In 1973, the UK had just joined the European Economic Community, IRA bombs exploded in London, the Lofthouse Colliery Disaster claimed the lives of seven men, VAT came into being, the Austin Allegra rolled off Leyland production lines, women were admitted to the London Stock Exchange for the first time and the Cod Wars with Iceland slumbered on. Lord knows the youth needed something exciting to believe in.
As an introspective fourteen year old, I bought Aladdin Sane on the day it was released. In the documentary, Cracked Actor, there is a clip of the queue outside the Liverpool Empire on 10th June. They are largely smartly dressed youngsters, some with ties and wearing cardigans as though they’d just come home from school. I was inside, dressed much the same, watching the matinee show, while my mother and her sister were at the ABC Cinema across the road. Truth is the point of Art not perfection. Aladdin Sane was to me the diary of a Rock Star describing exotic worlds I’d never experience: America, an alien future, city riots, the boudoir of a beautiful woman. It spoke truth to me like no other album and has stayed with me my whole life. It’s easily the album I’ve listened to the most. Aladdin Sane may not be everyone’s favourite Bowie album but it’s mine.

This is how The Spiders sounded live (minus Garson), The Jean Genie performed on TOTP:
Great review, thanks, and it’s sending me back to the album. Amazing TOTP clip too, though the sound stutters any way I try to watch it on the laptop. I even downloaded it with the same result. Fine on the phone though – strange. Anybody else?
No problems on an iPad.
Restarting the laptop fixed it. Indigestion, probably.
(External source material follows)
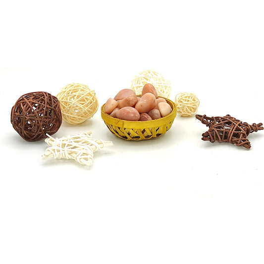 Tumbled stones are smooth, small, polished gemstones/crystals crafted from raw stones. They undergo treatment to achieve a smooth, glossy surface. These are hand-polished to showcase their natural beauty, perfect for reiki, crystal healing, Meditation, Vastu, Feng Shui, Spiritual Practices and Home Decoration.

Absolute belter of a review, thanks for that. It’s an album I like the idea of more than I like the sounds in the grooves.
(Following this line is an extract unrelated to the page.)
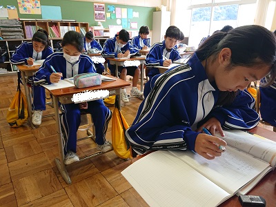 1年生は数学で「比例・反比例の利用」について、演習問題を解きながら理解を深めました。

I first heard it the week it came out – my sixth-form football and school mate Steve Coles bought it on release, having played the last few Bowie’s incessantly for months in anticipation. I can still recall exactly where and with whom I was on first hearing it, and my impression then remains unchanged today; it’s a fundamentally nasty and uncomfortable listen.
Inevitably, I acquired my own copy, which got rather few plays over the years. A CD copy became mine eventually but not until the 24-bit remaster series that came out in 1999. I bought the whole lot of them, and therby acquired my own pristine soundtrack to bad drugs and reckless abandon. I don’t believe I’ve spun the disc up once since then. It’s too much like hard work for me. I do appreciate your forensic analysis though, and I can fully understand why you love it so much. I’m more of a Pinups guy.
PS the styling abomination on four wheels was called the Allegro, with an o not an a.
Thank you for this. It felt wrong when I typed it.
There was a ruthlessness in David Bowie at this point. Ziggy Stardust had proved him right all along. Prior to that, he’d tried many styles and collaborators and cast them aside like changing clothes. After Ziggy, even people who seemed essential to his success weren’t safe. He did make amends later to some of those left by the wayside but in 1973, when his success was assured, he remained very focussed on himself and nothing else.
By Ziggy, Bowie had been plying his trade for nearly ten years, with only one hit single to show for it. It’s not surprising that when mega stardom arrived, he was going to make the most of it and in Tony DeFries, had a manager who was ferociously ruthless (as Bowie later found to his detriment)
Like many other musicians, he’d been trying different styles until one finally clicked with the public. This meant he’d built up quite a back catalogue, but cleverly these are regarded as part of his chameleon nature, rather than just chasing success.
Exactly. What he was very good at was spotting a coming trend and managing to make it his idea to mass acclaim.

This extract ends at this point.